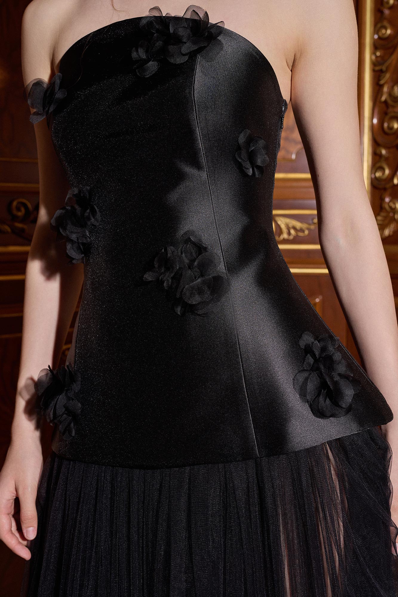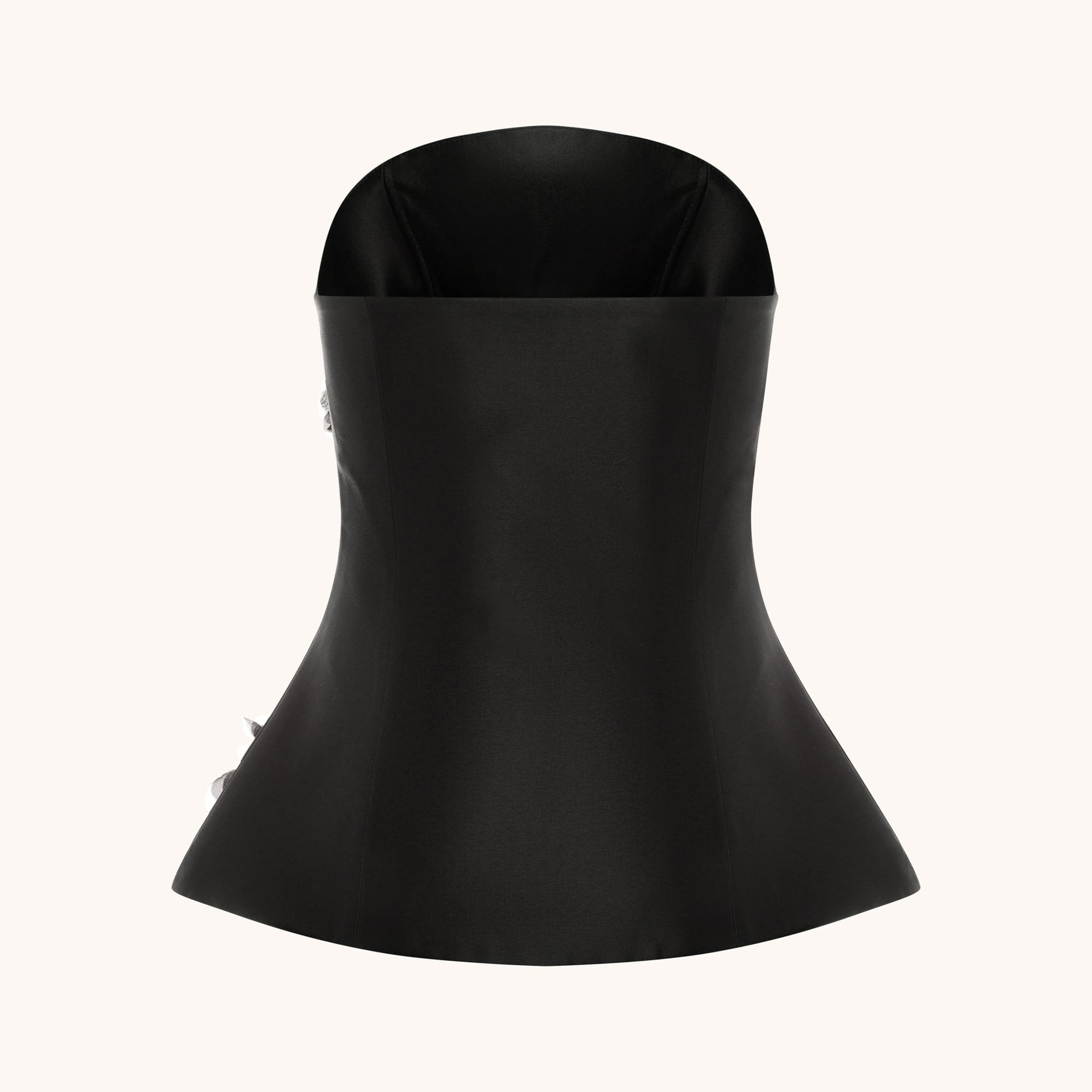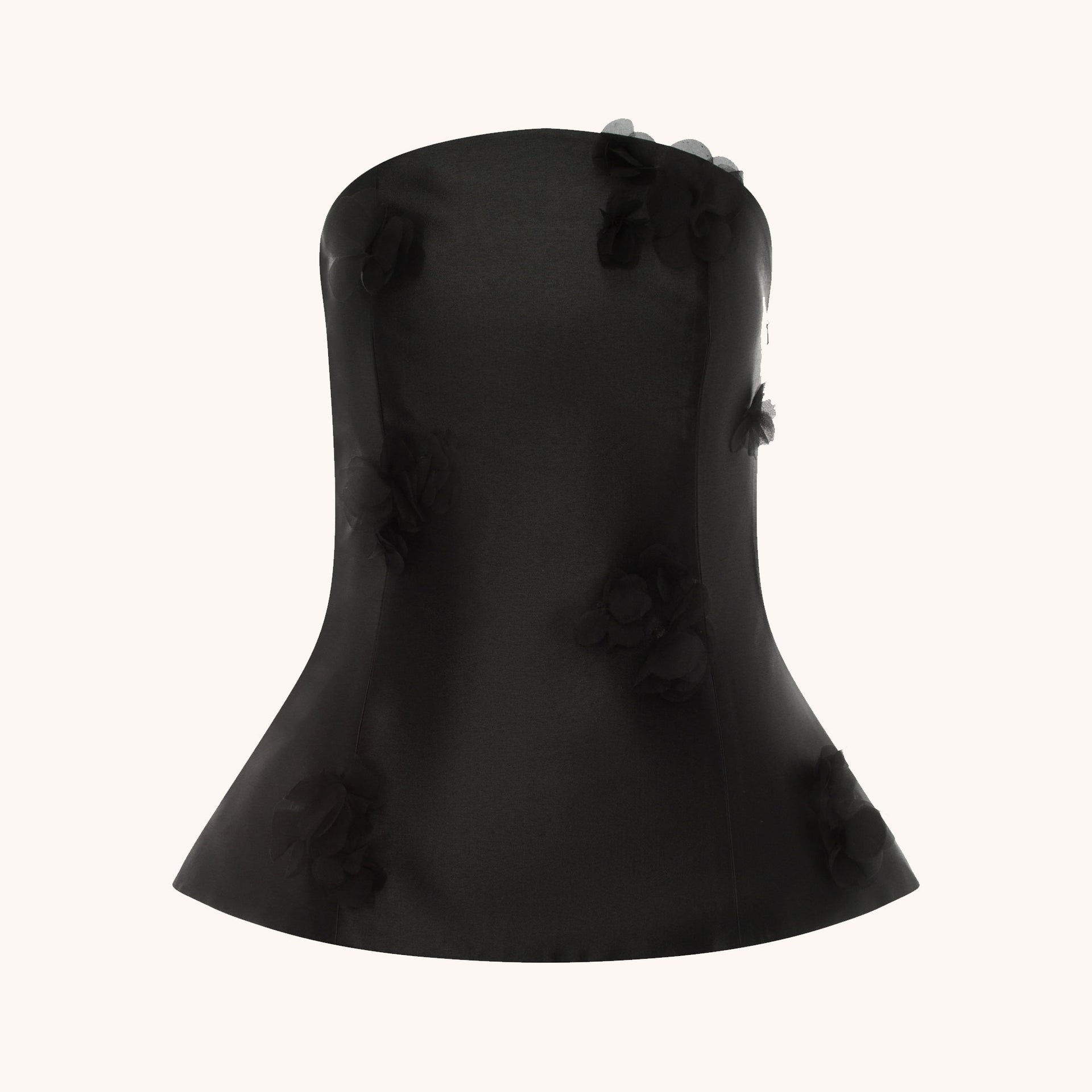 Dhs. 2,300.00A round neckline hourglass top made out of high-quality mikado, detailed with handmade flowers.
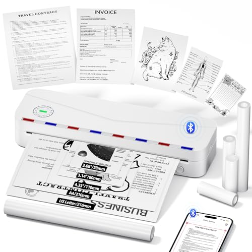 vretti P83 Imprimante Thermique Portable A4, Imprimante Portable sans Encre, Compatible avec iOS et Android Via Bluetooth, avec 1 Rouleaux de A4 Papier Thermique,Voyage, Bureau, École, Maison,Voiture
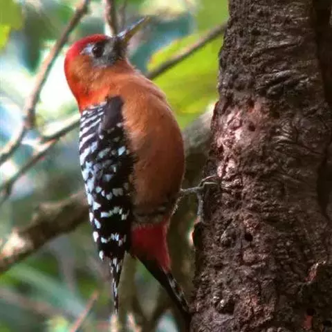 红腹啄木鸟成年雄鸟头项有红帽,翅膀和上体是黑白相间的斑纹状羽毛,腹部有一片红羽毛。头亦大,但颈较长,…
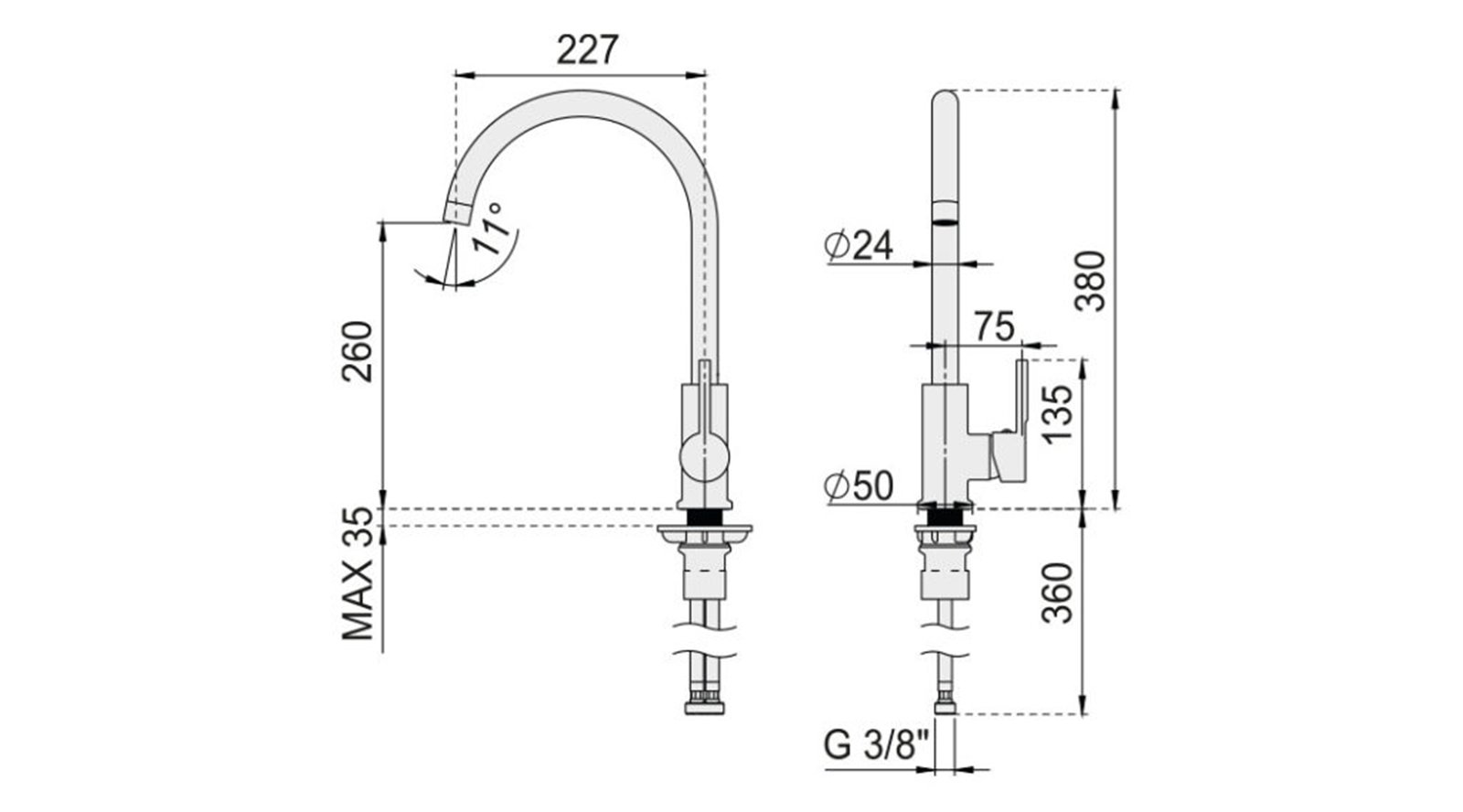 Η μπαταρία νεροχύτη “VENECIA” συνδυάζει μοντέρνο σχεδιασμό με πρακτική χρήση. Το καμπύλο στόμιο διευκολύνει τη ροή του νερού, ενώ ο αεριστήρας περιορίζει τα άλατα. Η κεραμική κασέτα εξασφαλίζει σταθερή και ασφαλή λειτουργία. Οι εύκαμπτες συνδέσεις κάνουν την εγκατάσταση γρήγορη και εύκολη.
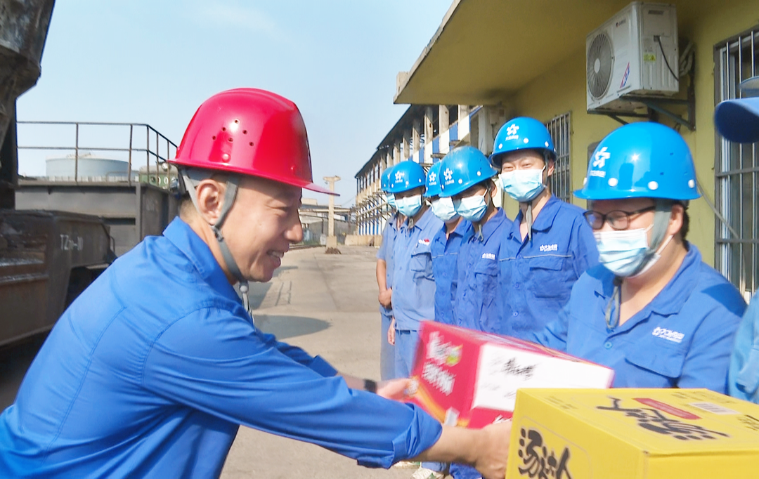 ????在物流公司鐵運分公司拉渣排班室前,公司領導對大家堅守崗位保生產(chǎn)作出的貢獻表示感謝,并叮囑大家勞逸結合,以良好的精神狀態(tài),保證運輸安全。
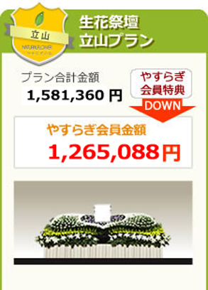 生前にご加入いただき、入会金をお支払いいただくことで、お得なご葬儀を執り行うことができます。 ご葬儀に必要なものが全て揃った充実プランをご用意しております。 ご参列の人数、ご予算等に合わせて、ご希望の祭壇をお選び頂けます。
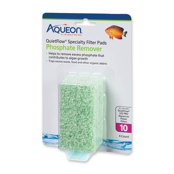Keep your aquarium water clean and clear with Aqueon QuietFlow 10 Specialty Filter Pads. These filter pads are designed to effectively remove excess phosphate from your aquarium water, helping to reduce algae growth and maintain water quality. Each pack contains 4 filter pads that are specifically sized for use with the Aqueon QuietFlow 10 filter system. The pads are easy to install and replace, ensuring hassle-free maintenance. With Aqueon's trusted quality and performance, you can rely on these specialty filter pads to help create a healthy and thriving aquatic environment for your fish.
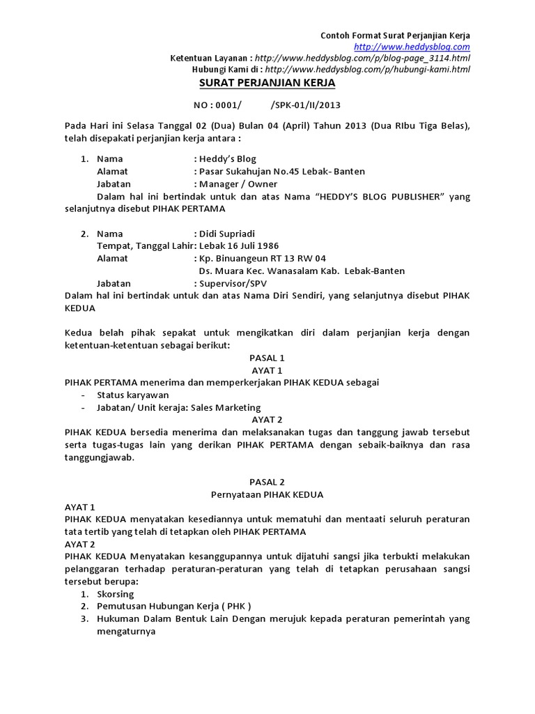 Dalam daftar isi silahkan pilih dan klik contoh surat yang diinginkan anda akan diarahkan ke link untuk mendownload surat tsb. Setiap perusahaan wajib untuk memberikan kontrak kerja di hari pertama calon karyawan bekerja. 214 cibinong jabatan. Pokok nya setiap ada perubahan status kerja karyawan sebaiknya dilakukan permbaruan pada surat perjanjian kerja ini. Sukasenang jaya berkedudukan di jl. Contoh surat perjanjian no.

+-------+

(WORK REQUEST)
The pictures in the data should be omitted, and every remaining line set down exactly.

(OUTPUT)
 Dhs. 2,300.00A round neckline hourglass top made out of high-quality mikado, detailed with handmade flowers.
 vretti P83 Imprimante Thermique Portable A4, Imprimante Portable sans Encre, Compatible avec iOS et Android Via Bluetooth, avec 1 Rouleaux de A4 Papier Thermique,Voyage, Bureau, École, Maison,Voiture
 红腹啄木鸟成年雄鸟头项有红帽,翅膀和上体是黑白相间的斑纹状羽毛,腹部有一片红羽毛。头亦大,但颈较长,…
 Η μπαταρία νεροχύτη “VENECIA” συνδυάζει μοντέρνο σχεδιασμό με πρακτική χρήση. Το καμπύλο στόμιο διευκολύνει τη ροή του νερού, ενώ ο αεριστήρας περιορίζει τα άλατα. Η κεραμική κασέτα εξασφαλίζει σταθερή και ασφαλή λειτουργία. Οι εύκαμπτες συνδέσεις κάνουν την εγκατάσταση γρήγορη και εύκολη.
 ????在物流公司鐵運分公司拉渣排班室前,公司領導對大家堅守崗位保生產(chǎn)作出的貢獻表示感謝,并叮囑大家勞逸結合,以良好的精神狀態(tài),保證運輸安全。
 生前にご加入いただき、入会金をお支払いいただくことで、お得なご葬儀を執り行うことができます。 ご葬儀に必要なものが全て揃った充実プランをご用意しております。 ご参列の人数、ご予算等に合わせて、ご希望の祭壇をお選び頂けます。
Keep your aquarium water clean and clear with Aqueon QuietFlow 10 Specialty Filter Pads. These filter pads are designed to effectively remove excess phosphate from your aquarium water, helping to reduce algae growth and maintain water quality. Each pack contains 4 filter pads that are specifically sized for use with the Aqueon QuietFlow 10 filter system. The pads are easy to install and replace, ensuring hassle-free maintenance. With Aqueon's trusted quality and performance, you can rely on these specialty filter pads to help create a healthy and thriving aquatic environment for your fish.
 Dalam daftar isi silahkan pilih dan klik contoh surat yang diinginkan anda akan diarahkan ke link untuk mendownload surat tsb. Setiap perusahaan wajib untuk memberikan kontrak kerja di hari pertama calon karyawan bekerja. 214 cibinong jabatan. Pokok nya setiap ada perubahan status kerja karyawan sebaiknya dilakukan permbaruan pada surat perjanjian kerja ini. Sukasenang jaya berkedudukan di jl. Contoh surat perjanjian no.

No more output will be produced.